The relation of labor and prayer throughout western society from Roman Christian times to the late Middle Ages was always a balance of labor and leisure. In dealing with this tension, Prof. John Van Engen, the Andrew V. Tackes Professor of History at the University of Notre Dame, presented a fast- paced though thoughtful lecture on March 4th entitled “Duty or Delight? Labor and Prayer in the Middle Ages.”

He set the stage by asking the following questions: How did this all play out? Was prayerful worship dutiful labor or restful recreating? Was sustaining life through work travail or fruitfully fulfilling? Or can we even answer such questions? He responded by giving examples from various theologians such as Augustine, Nicholas of Lyra, Cassian, and later Joachim of Fiore, as well as various orders and lay people who expressed and lived out their interpretation and understanding of Biblical injunctions. The question of how to work productively and yet pray without ceasing became the problem issue for this entire age. Could one pray and work, meditate and be productive; or were these distinct acts performed by distinct groups?

Historically people always did both – worked and prayed. Only after Christianity became a dominant cultural force did the issue of solitude enter the equation. Still, monks or the monastic life called for a disciplined spiritual body and manual labor which was self-sustaining. The end goal was constant prayer with tranquility of mind, and the means was labor with contrition: prayer was the unmoving center of life and labor.
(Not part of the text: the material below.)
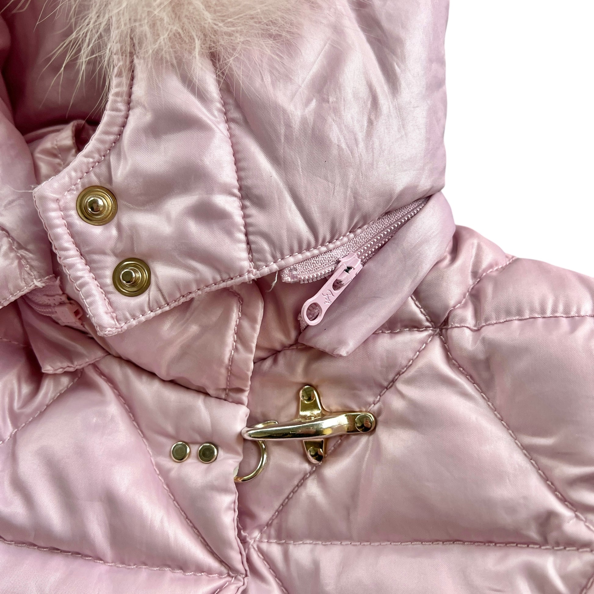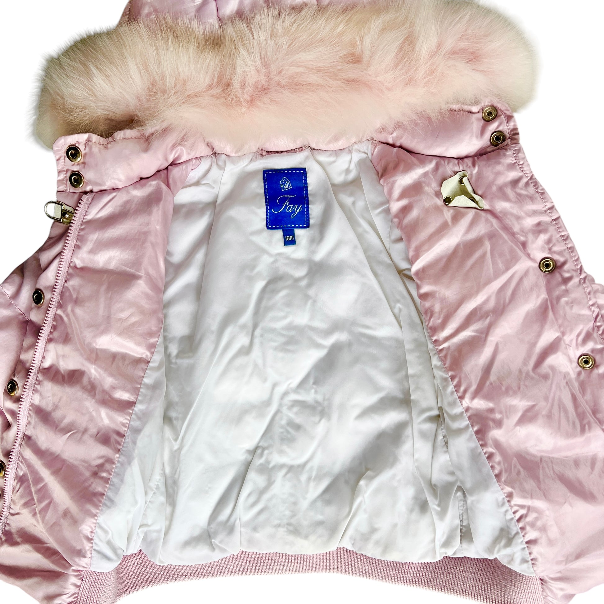 Piumino Fay per bambina di 18 mesi, con cappuccio con pelo staccabile e design pratico. Realizzato con finitura esterna semilucida, offre un look moderno e raffinato. Imbottitura calda e confortevole, ideale per i mesi più freddi. Chiusura con zip e bottoni, perfetto per proteggere le più piccole con stile.

Over time there were historical complications. Leisure was a problem so where did prayer fit? Those who wanted greater freedom for prayer could be seen as excessive. What about those outside the religious houses? Individuals were to pray the Lord’s Prayer and attend church. Work equaled the world while prayer equaled the church. This separation defined the situation for close to eight hundred years until Mendicants came on the scene – those who begged for a living and hence were perceived as being in the world yet spiritual. Friars set the tone for working in the world yet caring for spiritual needs until the time of the Reformation, at which time growing resentment by both Reformers and the Roman Catholic Church toward those who were able bodied yet begged and thus “stole” from the poor grew increasingly vocal. So, the quandary continued and Van Engen concluded as he began – “With prayer and work as ideal forms of life yet as varied concretely substantiated social roles, whence the obstacles individuals faced certainly in the middle ages and yet perhaps still today in bringing them together.”